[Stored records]
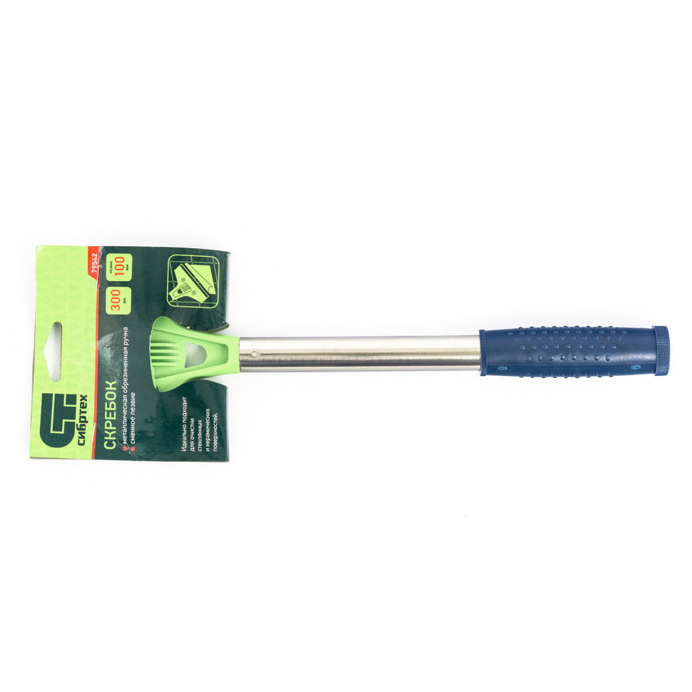 Скребок Сибртех 79542 длиной 300 мм, с фиксированным лезвием шириной 100 мм, с металлической обрезиненной ручкой, имеет двустороннее лезвие, острой стороной которого удобно счищать старую краску, монтажную пену, наклейки и другие загрязнения. Тупой стороной лезвия скребок эффективно удаляет остатки строительных смесей, цемента и шпаклевки. Инструмент можно использовать для плитки, стеклянных и керамических поверхностей. Он имеет сменное полотно и рассчитан на длительное использование. Скребок пригодится во время ремонта, а также будет полезен в быту.
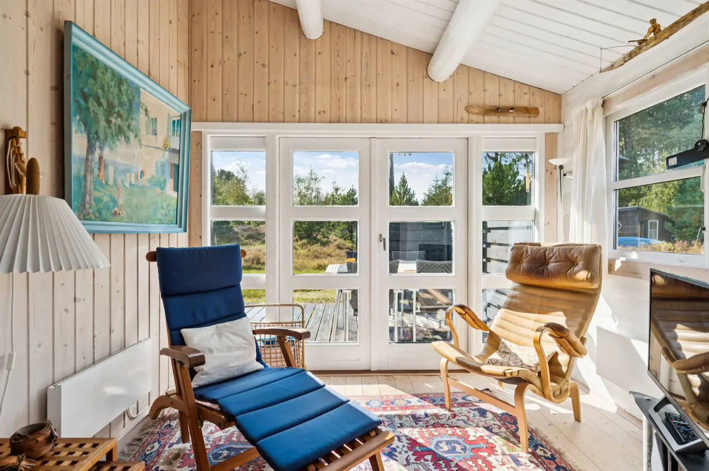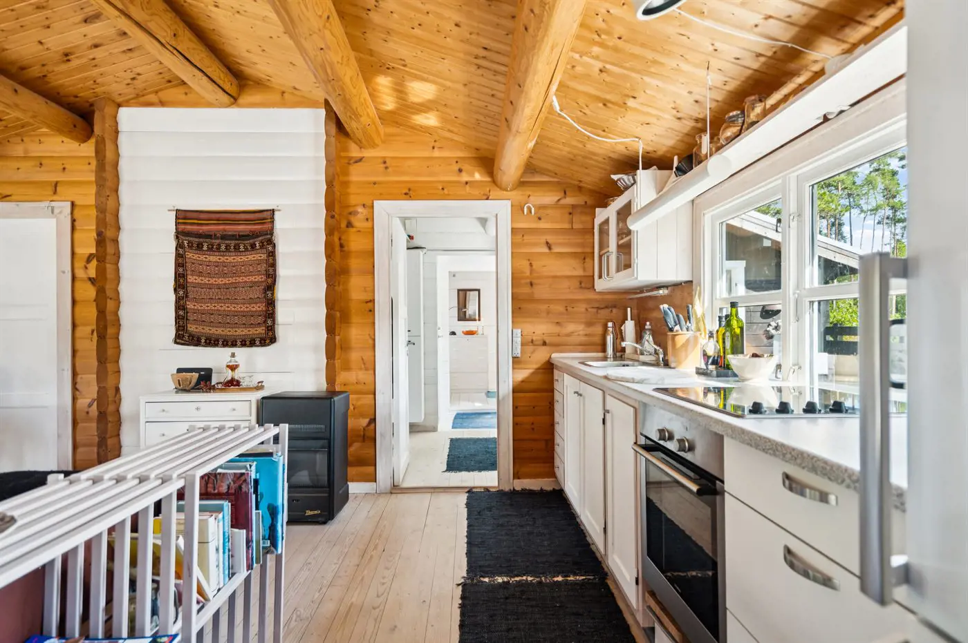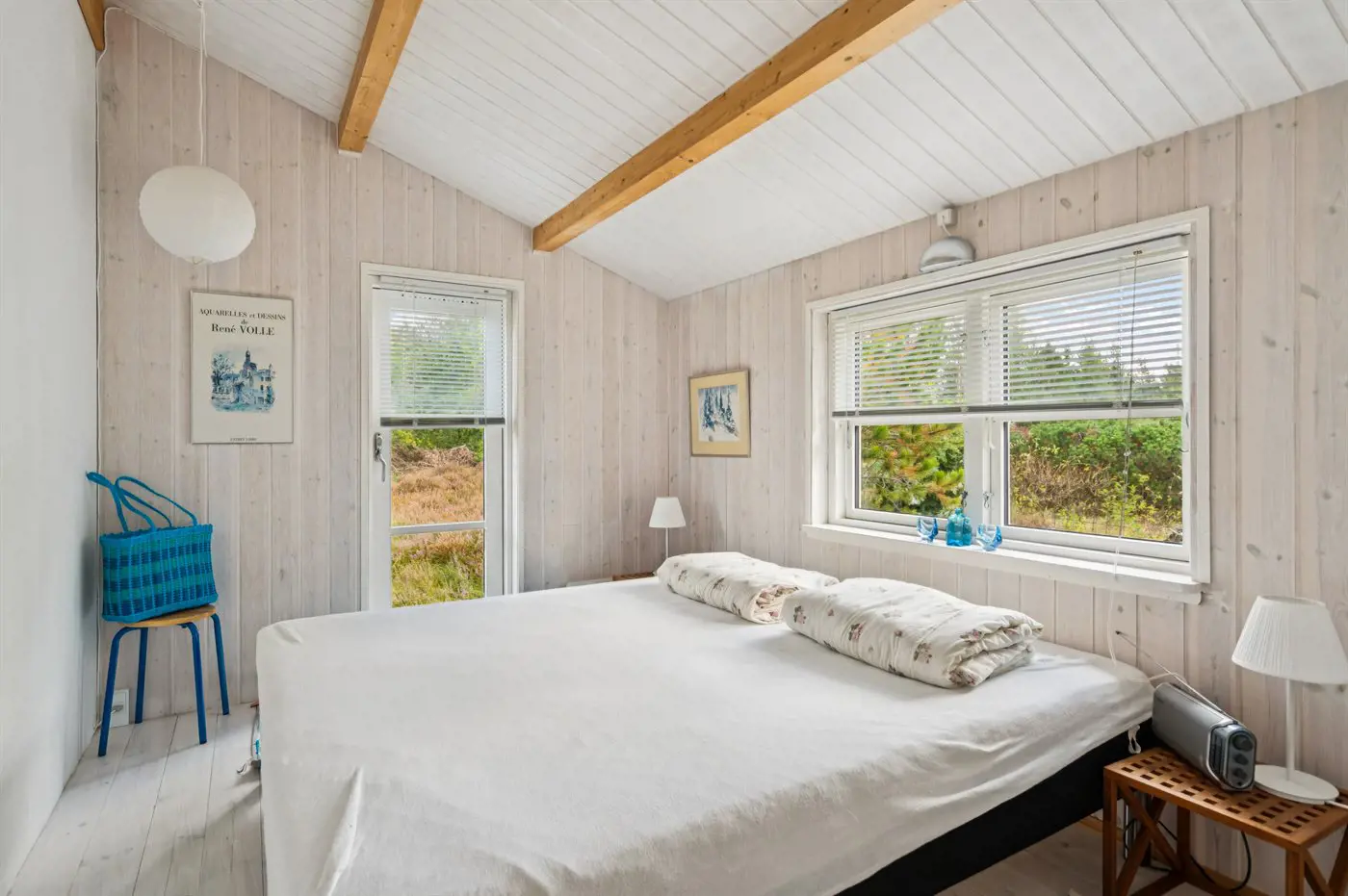 Das Ferienhaus präsentiert sich hell und einladend mit einer guten und funktionalen Einrichtung, die sowohl Raum für Gemeinschaft als auch für Privatsphäre bietet. Wohnbereich und Küche gehen nahtlos ineinander über und bilden den Rahmen für gemeinsame Mahlzeiten, Brettspiele und entspannte Stunden nach einem Tag in der Natur.
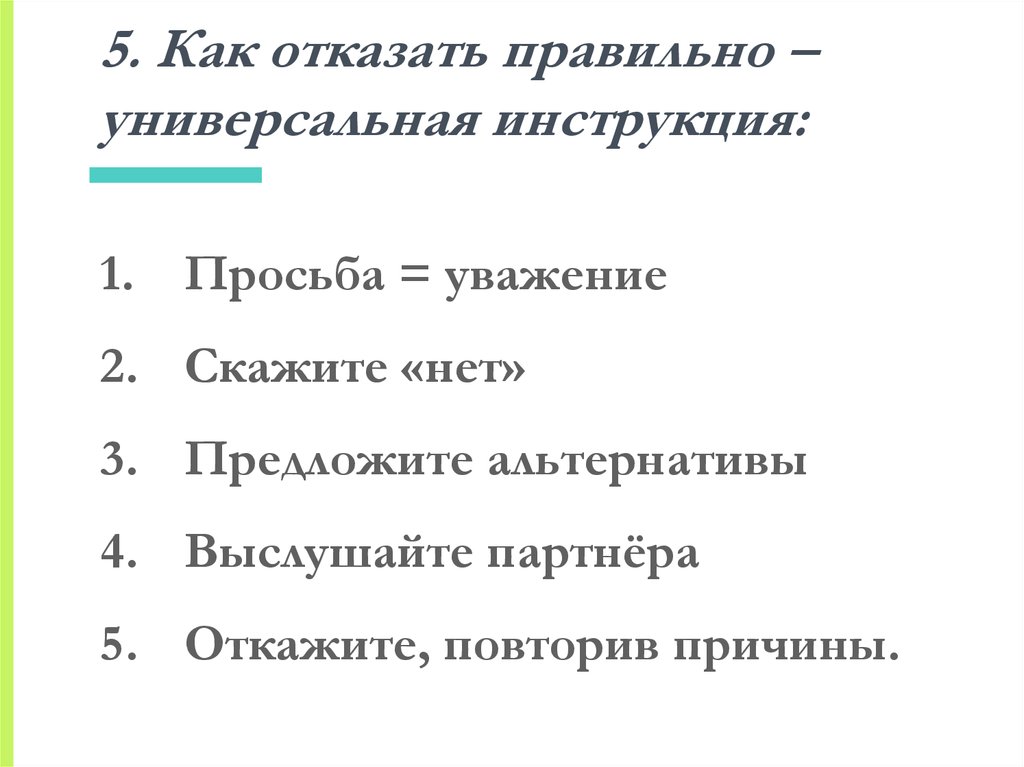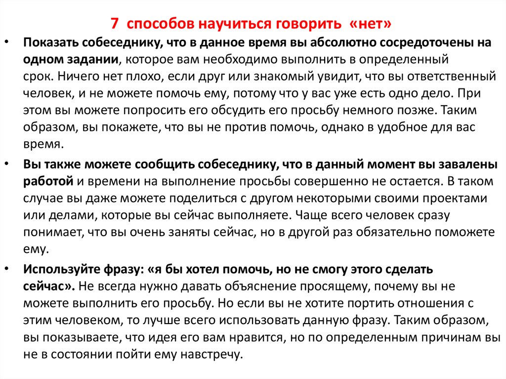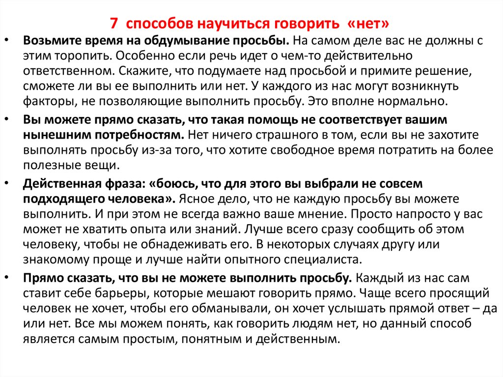 Поэтому лучше не фантазировать, а просто сказать «нет», не добавляя больше ничего. Можно смягчить отказ, сказав: «Нет, я не могу это сделать», «Я не хочу этим заниматься», «У меня нет времени на это».
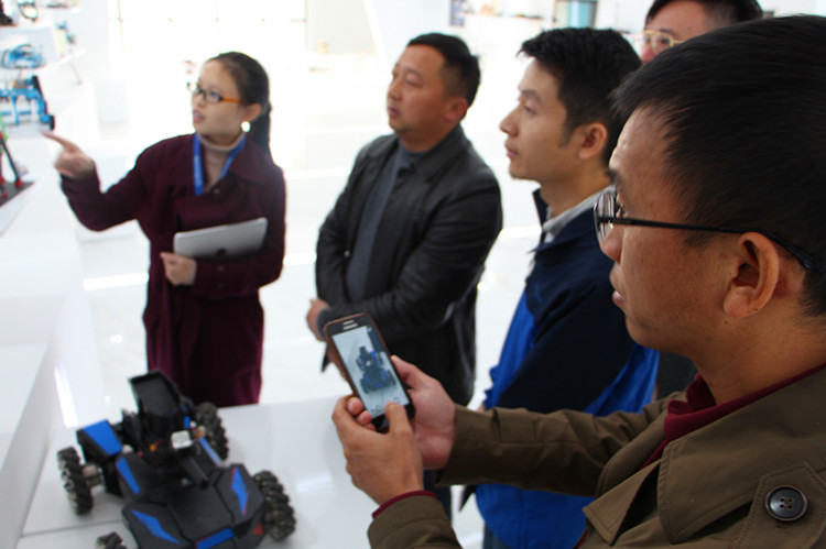 在A8楼双创中心展厅,教务处教师张艳琼介绍了学院展厅各智能化系统应用。一楼主要借助3D 模拟展示我院宣传片、各系部分中心以及讯飞展厅的概况。随后考察组一行逐个参观了讯飞展厅、历年来典型的获奖及专利作品展厅、各系部分中心和RoboMasters实验室等,深入了解了我院取得的丰硕成果和独特的管理模式。
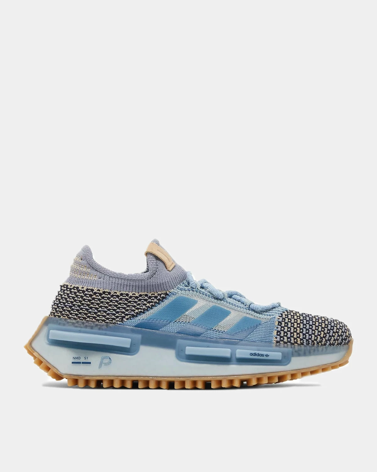 The Philllllthy x NMD_S1 ‘Ambient Sky’ delivers the sneaker customizer’s take on the stripped-down lifestyle runner. The sock-like knit upper features a black-and-white woven pattern with a stretchy grey collar and vibrant blue three-stripes on the quarter panel. Lightweight cushioning is provided by a full-length Boost midsole, enveloped in a semi-translucent cage with a trio of NMD plugs embedded in the lateral sidewall. The lateral heel is marked with ‘NMD S1’ and Philllllthy’s ‘P’ logo. Underfoot, a tan rubber outsole utilizes a lugged traction pattern made up of raised adidas Trefoils.
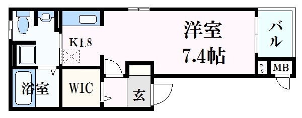 | 間取り | 1K(洋7.4 K1.8) | 築年月(築年数) | 2015年3月(築10年10ヶ月) |

Aim of the task — Repeat each record exactly as shown above, dropping all images.

Solution to the problem —
 Скребок Сибртех 79542 длиной 300 мм, с фиксированным лезвием шириной 100 мм, с металлической обрезиненной ручкой, имеет двустороннее лезвие, острой стороной которого удобно счищать старую краску, монтажную пену, наклейки и другие загрязнения. Тупой стороной лезвия скребок эффективно удаляет остатки строительных смесей, цемента и шпаклевки. Инструмент можно использовать для плитки, стеклянных и керамических поверхностей. Он имеет сменное полотно и рассчитан на длительное использование. Скребок пригодится во время ремонта, а также будет полезен в быту.
 Das Ferienhaus präsentiert sich hell und einladend mit einer guten und funktionalen Einrichtung, die sowohl Raum für Gemeinschaft als auch für Privatsphäre bietet. Wohnbereich und Küche gehen nahtlos ineinander über und bilden den Rahmen für gemeinsame Mahlzeiten, Brettspiele und entspannte Stunden nach einem Tag in der Natur.
 Поэтому лучше не фантазировать, а просто сказать «нет», не добавляя больше ничего. Можно смягчить отказ, сказав: «Нет, я не могу это сделать», «Я не хочу этим заниматься», «У меня нет времени на это».
 在A8楼双创中心展厅,教务处教师张艳琼介绍了学院展厅各智能化系统应用。一楼主要借助3D 模拟展示我院宣传片、各系部分中心以及讯飞展厅的概况。随后考察组一行逐个参观了讯飞展厅、历年来典型的获奖及专利作品展厅、各系部分中心和RoboMasters实验室等,深入了解了我院取得的丰硕成果和独特的管理模式。
 The Philllllthy x NMD_S1 ‘Ambient Sky’ delivers the sneaker customizer’s take on the stripped-down lifestyle runner. The sock-like knit upper features a black-and-white woven pattern with a stretchy grey collar and vibrant blue three-stripes on the quarter panel. Lightweight cushioning is provided by a full-length Boost midsole, enveloped in a semi-translucent cage with a trio of NMD plugs embedded in the lateral sidewall. The lateral heel is marked with ‘NMD S1’ and Philllllthy’s ‘P’ logo. Underfoot, a tan rubber outsole utilizes a lugged traction pattern made up of raised adidas Trefoils.
 | 間取り | 1K(洋7.4 K1.8) | 築年月(築年数) | 2015年3月(築10年10ヶ月) |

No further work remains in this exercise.